Hiking Tips For Beginners – How to Hike Like a Pro
Hiking can sometimes be an intimidating prospect for a beginner. It could make you anxious thinking about what could possibly go wrong when you’re out on the path if you are ill-prepared with knowledge.
These tips should give you confidence on your first few times out in nature and have you hiking like a pro in no time.
When you are hiking for the first time, it is best not to start on Mount Everest. The last thing you would want to do is take on a trail that is completely beyond your capabilities.
Find a trail that is known to take on beginner hikers when you are getting your feet wet. Do your research to find out what kind of terrain you’re dealing with, how long the trail is, and if there is going to be an uphill work.
As you continue to go on these starter trails, extend the time and length of your hike gradually. You will build up your stamina and knowledge and be on your way to more advanced trails.
For a beginner, you don’t have to be completely decked out in the latest and most advanced hiking gear. At the same time, you need to have at least the basic items that can make your time out there easier.
Essentials like a compass so you can keep direction. A small first-aid kit just in case you sustain some minor injuries and you need to do some dressing. Maybe a small light source in case you stay out a little too long, it can illuminate your path.
Hiking takes a lot out of you so it’s important to stay hydrated and energized. Make sure you bring enough water and high energy snacks like protein bars, fruits, and nuts to keep you focused and alert during your trek.
Choose the Right Footwear
Chances are if you are taking up hiking, you’re going to use your feet a lot. We ask Brian Bradshaw of Boot Bomb, one of the leading authorities on hiking boots, about the importance of having a decent pair. He says “you’re going to need some good walking boots because this is the most solid investment you can make for yourself if you’re an outdoors person.”

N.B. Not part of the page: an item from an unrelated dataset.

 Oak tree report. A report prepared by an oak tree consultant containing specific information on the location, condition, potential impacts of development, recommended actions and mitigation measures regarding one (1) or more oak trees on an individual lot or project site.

There are boots that are specifically designed for hiking through rough terrain and up hills, or shoes for walking long distances that also give you the support you need. “One common misconception is that you need some thick socks to give you added support, but high-quality boots usually come with all the support you need, so thinner socks are fine.” Brian further adds.
Don’t Rely on Your Cell Phone
If you are new to hiking, you are probably used to being plugged in at all times. When you don’t know where you are or where something is, you turn to your trusty cell phone for guidance.

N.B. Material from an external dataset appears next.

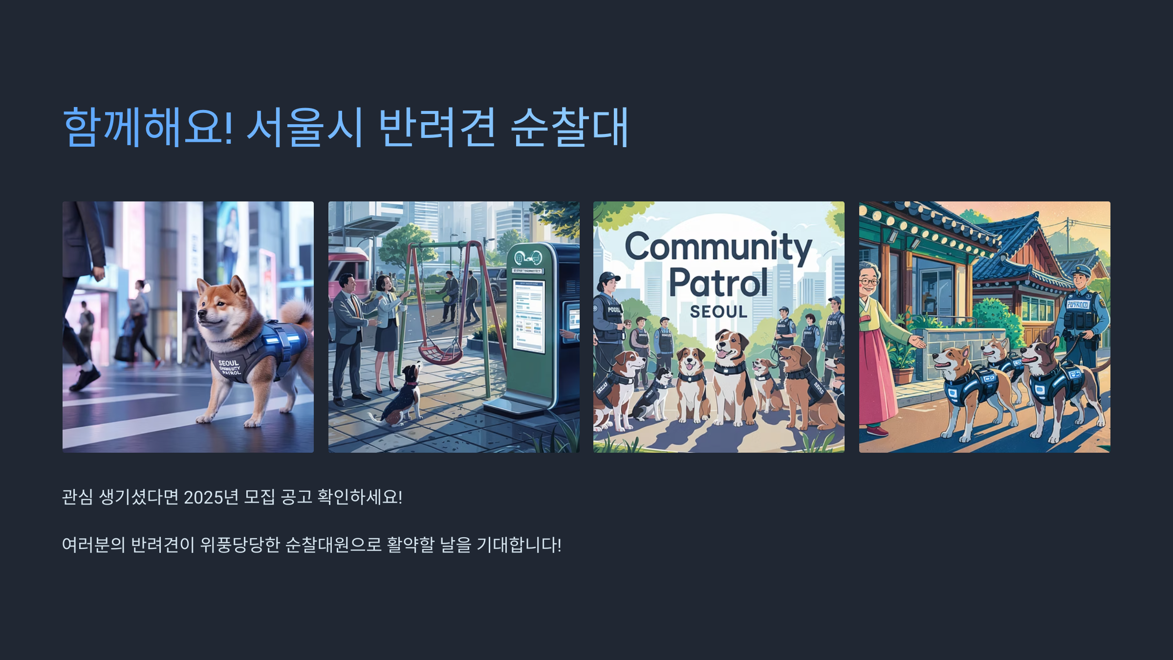우리 동네는 내가 지킨다! 🐾 위풍당당 "2025년 서울시 반려견순찰대" 모집 시작!

While wherever you chose to go may have some cell service, there’s a large chance you might be in an area where it could cut out on you. It will definitely benefit you if you bring a detailed map of the area, and study it beforehand so you are familiar. This, in turn, will help give a sense of direction in case you lose your way.
Hike with Other Experienced Hikers
On your first trip out, if the trail is geared towards beginners, you can definitely roll solo. Most of those will be pretty straightforward, flat land, and of low difficulty.
If you want to get good at hiking fast though, and leave those easy trails alone and start getting up to speed with the pros, you should hike with some.
Having someone around you who is more experienced than you is great. They can give you tips along the way to ensure you improve and minimize injury, getting lost and any other mishaps that may take place.